Exercise prompt » Word for word, copy the entire listing below, but do not carry over any pictures.

Dataset excerpt »
——

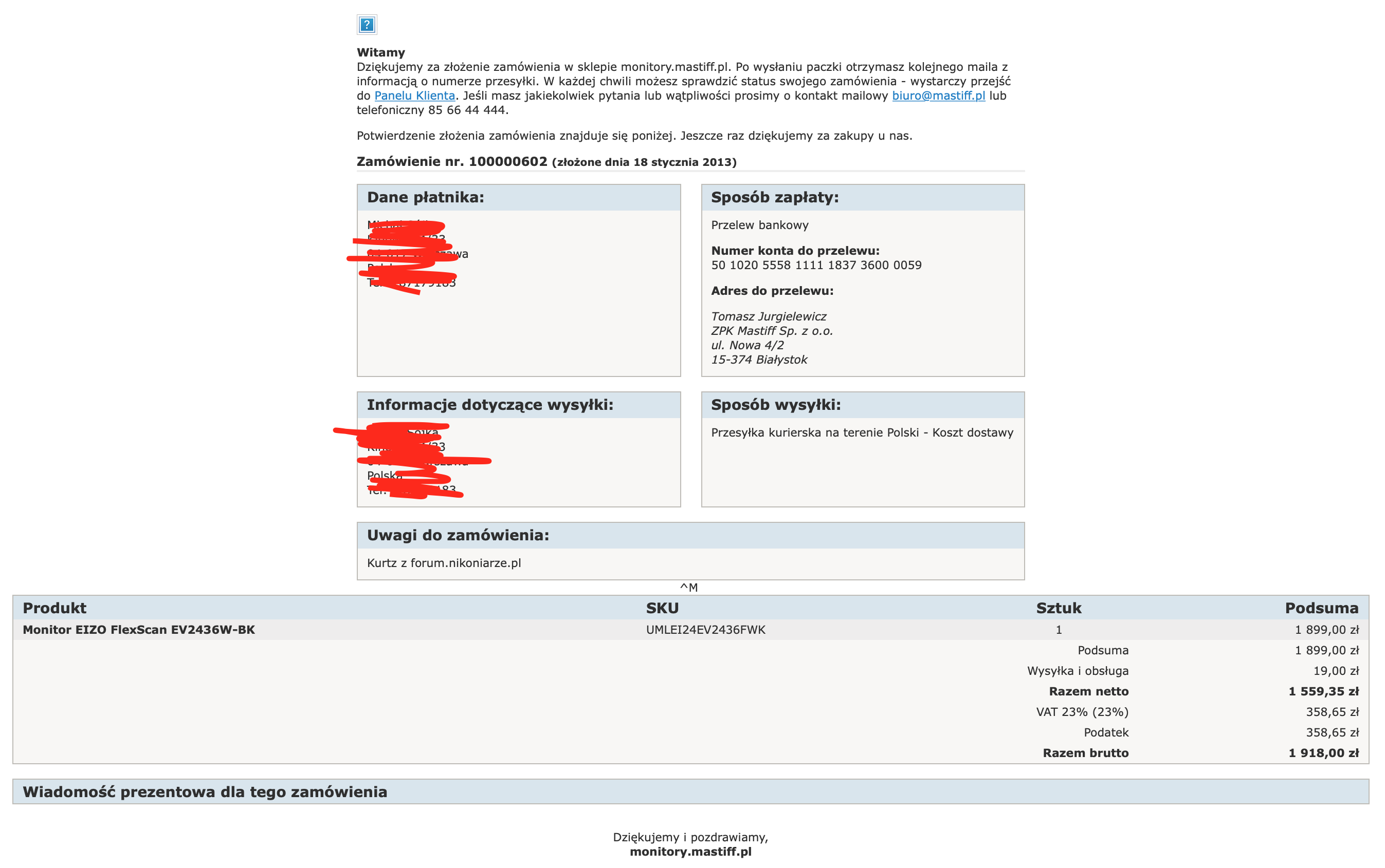 EV2451 jest skonstruowany z myślą o układach wielomonitorowych o więcej niż jedno "piętro". A'propos tanienia, wiem, ciągle powtarza Pan ten mit, nie pokazując ani jednego dowodu. A ja na to dowody mam. Przykładowo, weźmy poprzednika EV2436W. Pierwszy sprzedałem w 2012 roku za 1 918 zł (uwzględniając wyższą cenę za nowość) a jeden z ostatnich w 2016 roku za 1 815 zł. Tak jest zawsze i od lat. A niektóre modele wręcz drożeją, jeśli okazuje się, że następca jest rozczarowujący. Takich raportów jak poniżej, mogę pokazać setki. Nigdy żaden monitor na koniec sprzedaży drastycznie nie taniał. Nie spotkałem się z takim przypadkiem.
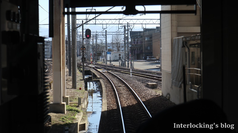 犀潟駅で停車した後、保安装置をATS-Pへ切り換えてほくほく線へ。
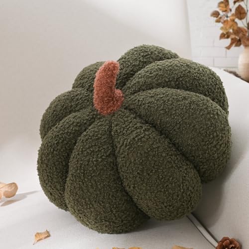 Yhoelata Pumpakudde, stor kudde i pumpaform, grön dekorativ kudde, estetisk soffkudde, sherpakudde för säng, runda dekorativa kuddar för barn sovrum, gåva, 20 cm

——

Result below »
 EV2451 jest skonstruowany z myślą o układach wielomonitorowych o więcej niż jedno "piętro". A'propos tanienia, wiem, ciągle powtarza Pan ten mit, nie pokazując ani jednego dowodu. A ja na to dowody mam. Przykładowo, weźmy poprzednika EV2436W. Pierwszy sprzedałem w 2012 roku za 1 918 zł (uwzględniając wyższą cenę za nowość) a jeden z ostatnich w 2016 roku za 1 815 zł. Tak jest zawsze i od lat. A niektóre modele wręcz drożeją, jeśli okazuje się, że następca jest rozczarowujący. Takich raportów jak poniżej, mogę pokazać setki. Nigdy żaden monitor na koniec sprzedaży drastycznie nie taniał. Nie spotkałem się z takim przypadkiem.
 犀潟駅で停車した後、保安装置をATS-Pへ切り換えてほくほく線へ。
 Yhoelata Pumpakudde, stor kudde i pumpaform, grön dekorativ kudde, estetisk soffkudde, sherpakudde för säng, runda dekorativa kuddar för barn sovrum, gåva, 20 cm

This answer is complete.